我想画出如下图所示不同角度倾斜的来回箭头(不是双向箭头)。图中不必显示的灰色点用于定位。
\documentclass[UTF8,fontset=windows]{ctexart}
\usepackage{tikz}
\usepackage{amsmath}
\usetikzlibrary{calc,positioning}
\newcommand\lrreturn[3][]{%left right
\draw[->,#1]($(#2.0)+(0,2pt)$)--($(#3.180)+(0,2pt)$);
\draw[<-,#1]($(#2.0)+(0,-2pt)$)--($(#3.180)+(0,-2pt)$);
}
\newcommand\udreturn[3][]{%up down
\draw[->,#1]($(#2.-90)+(2pt,0)$)--($(#3.90)+(2pt,0)$);
\draw[<-,#1]($(#2.-90)+(-2pt,0)$)--($(#3.90)+(-2pt,0)$);
}
\begin{document}
\tikz[node distance=1.5em and 2em,line width=1pt,>=latex]{
\node[red,font=\bfseries] (a) {Center};
\node[right=of a,blue] (b) {0};
\node[below=of a,blue] (c) {$-\pi/2$};
\lrreturn[red]ab
\udreturn[red]ac
}
\tikz{
\node[draw] (o) at (0,0) {Center};
\foreach \i in {0,30,...,180} {
\node[draw] (x\i) at (\i:2) {\i};
\draw[latex-latex] (o) to (x\i);
}}
\end{document}
答案1
如果未绘制节点(或节点为圆形),则此解决方案有效。此外,它仅适用于直线。
用法是\draw[twoway] (A) to (B);在坐标(A)和(B)之间绘制来回箭头。
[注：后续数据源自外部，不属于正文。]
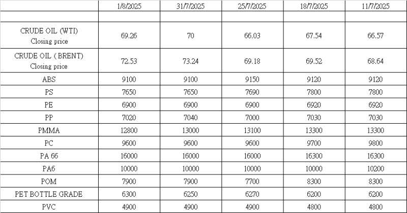 2025年8月1日現在のプライム、リサイクル、スクラッププラスチックの市場更新情報です。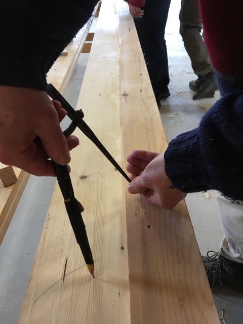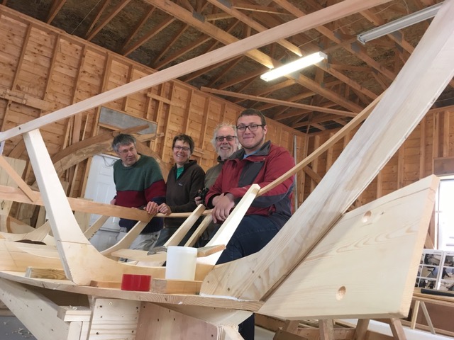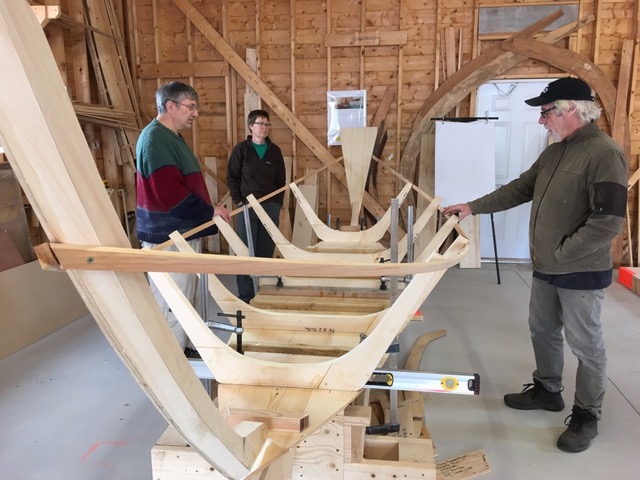 It’s been great sharing this week of boatbuilding with two of my dear friends. From past projects, we’ve brought a familiarity of how each other works, exists, and things we are good at in the world. Mike is awesome at scribing and understanding in 3-D. Marian brings an eye to detail and a Macgyver can-do spirit. Me-I bring the spirit of adventure and curiosity and weaving all kinds of things together. Together with Jerome and Nicholas (his summer boatbuilding apprentice), we’ve formed a wonderful and engaged boatbuilding team. We laugh. We cuss. We measure. We measure again. We cut. Sometimes badly. Sometimes right on. Today as we fastened the ribbands, Jerome and Marian held them in place, Nicholas pre-drilled, I drilled the counter-sink, and then Mike drove the screw. Like clockwork. 14 times. Boatbuilding has lots of repetition. Lots of opportunities for practice. Lots of ways to learn from one another. Lots of ways to mess up and then fix it. When I became a Buddhist, I took refuge in the Buddha, his teachings (the Dharma), and in the community of his followers called the Sangha. Learning new skills usually requires both individual practice and a community to learn in. I’m grateful for the great team I’m learning with this week.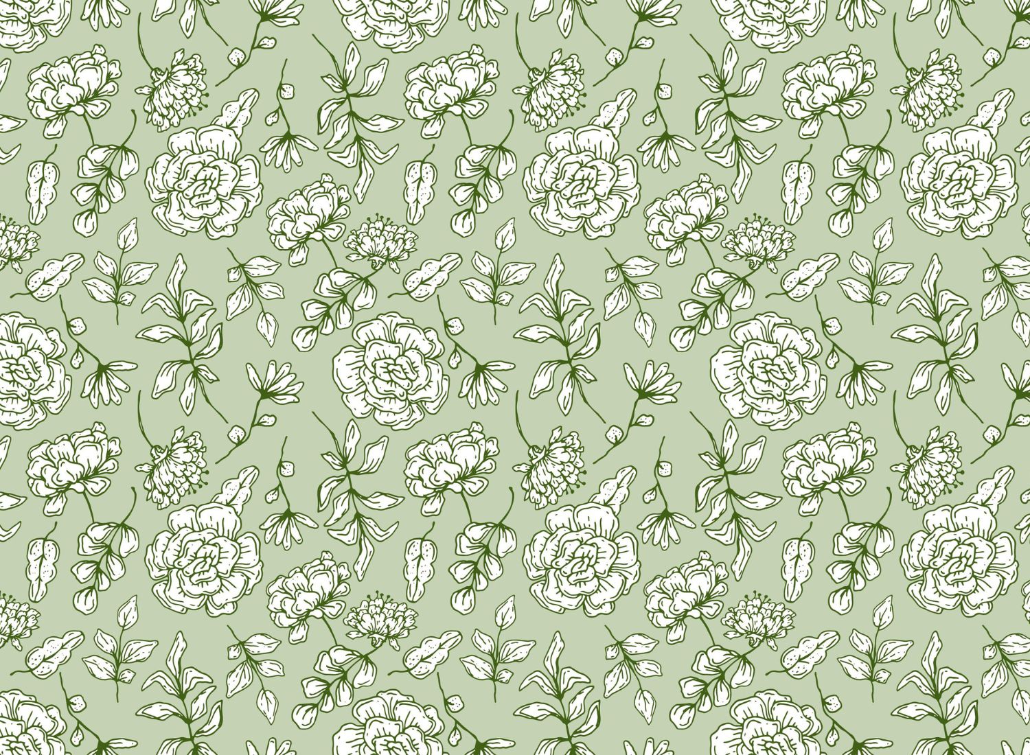 Papier peint fleuri vintage vert
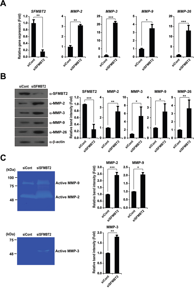 Figure 2: SFMBT2 regulates expression of matrix metalloproteinase in LNCaP cells. Knockdown of SFMBT2 increases expression of the MMP-2, MMP-3, MMP-9, and MMP-26 gene in LNCaP cells. A. After control or SFMBT2 siRNA were transfected, LNCaP cells were subjected to RNA extraction (n=3). Transcripts of MMP-2, MMP-3, MMP-9, MMP-26, and GAPDH were determined by quantitative PCR. B. The cell lysates were immunoblotted with anti-MMP-2, anti-MMP-3, anti-MMP-9, and anti-MMP-26 antibodies, respectively (n=3). Anti-β-actin was used as a loading control. Western blots were analyzed quantitatively. C. Elevation of enzyme activities of MMP-2, MMP-3, and MMP-9 in SFMBT2 knockdown LNCaP cells. Zymography was performed using the lysates from control and SFMBT2 siRNA-transfected cells (n=3). Equal amounts of the lysate were used for each reaction. Zymography was analyzed quantitatively. All data represent mean ± S.E.M. Significance values were * P≤0.05, ** P≤0.01, and *** P≤0.005.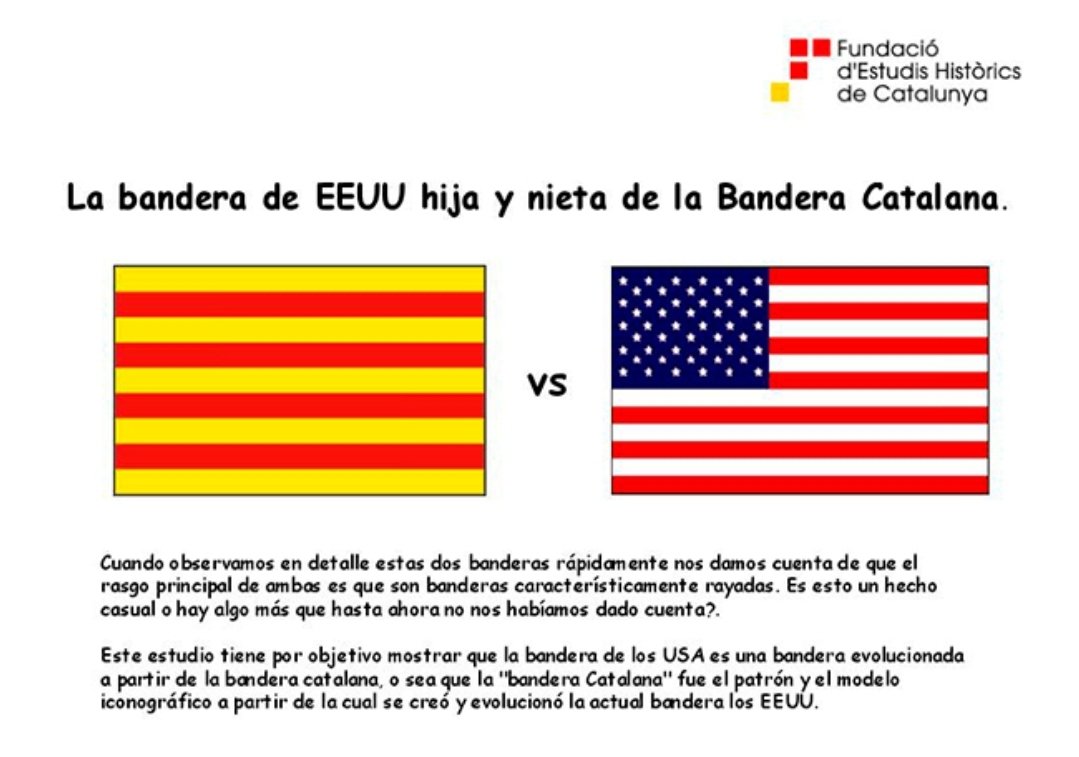 Y es más rotundo: "la bandera de los EEUU sólo y únicamente tiene a la catalana como trasfondo (…) Lo que queda de manifiesto es que la bandera americana es un calco evidente de la catalana“. Y para ello se crea un árbol vexilológico de la evolución de la bandera americana.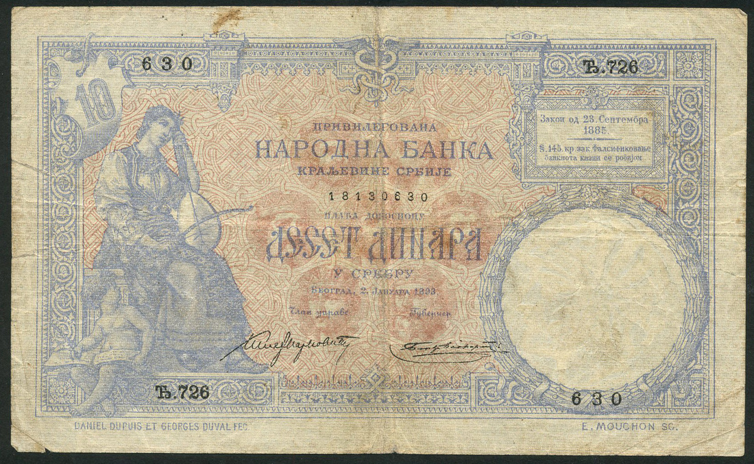 (x) Chartered National Bank of the Kingdom of Serbia, 10 dinara, 2 January 1893, serial number 726 630, blue on red-brown underprint, woman and child at left, value at top left, kings heads in underprint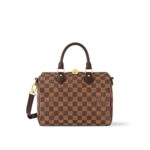 The Speedy Bandoulière 25 in graphic Damier Ebene canvas is an ideal city bag for every day. Originally created for travelers in the 1930s – the name refers to the era’s rapid transit – every feature of the Speedy’s design is iconic, from its unmistakable shape to the rolled leather handles, engraved padlock and detachable strap.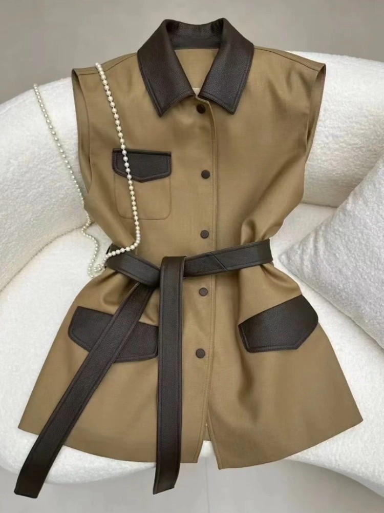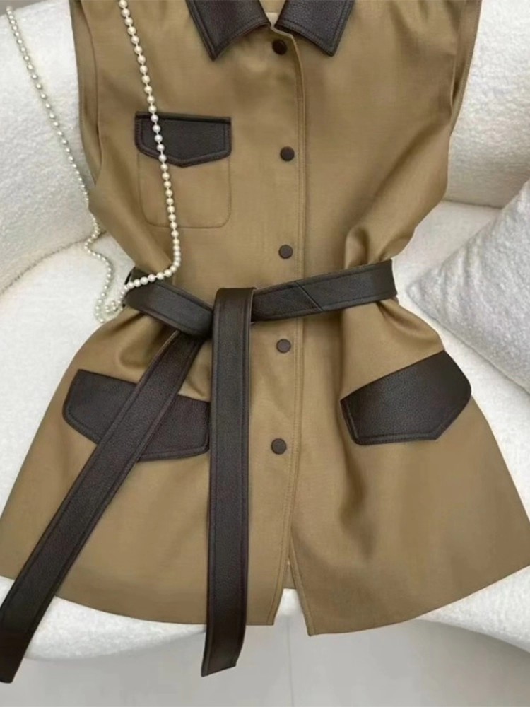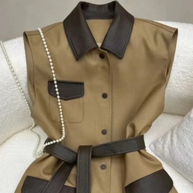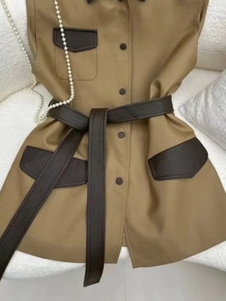 FA42575# 新款秋季气质高级感背心时髦洋气设计感独特超好看卡其色马甲 服裝批發女裝批發服飾貨源

基本上,计算垂直于给定线的向量,然后使用与pathreplacing原始线的短垂直距离绘制两个箭头。箭头之间的距离由 全局控制\arsp。
\documentclass[UTF8,fontset=windows]{ctexart}
\usepackage{tikz}
\usepackage{amsmath}
\usetikzlibrary{calc,positioning,decorations.pathreplacing}
\newcommand{\arsp}{.8mm}
\tikzset{
twoway/.style={
decoration={
show path construction,
lineto code={
\path (\tikzinputsegmentfirst); \pgfgetlastxy{\a}{\b};
\path (\tikzinputsegmentlast); \pgfgetlastxy{\x}{\y};
\coordinate (uu) at ($(0,0)!.5*\arsp!(\b-\y,\x-\a)$);
\draw[-latex]($(\a,\b)+(uu)$) to ($(\x,\y)+(uu)$);
\draw[latex-]($(\a,\b)-(uu)$) to ($(\x,\y)-(uu)$);
}
}, decorate
}
}
\begin{document}
\tikz{
\node[draw,circle] (o) at (0,0) {Center};
\foreach \i in {0,30,...,180} {
\node[draw,circle] (x\i) at (\i:2) {\i};
\draw[twoway] (o) to (x\i);
}}
\end{document}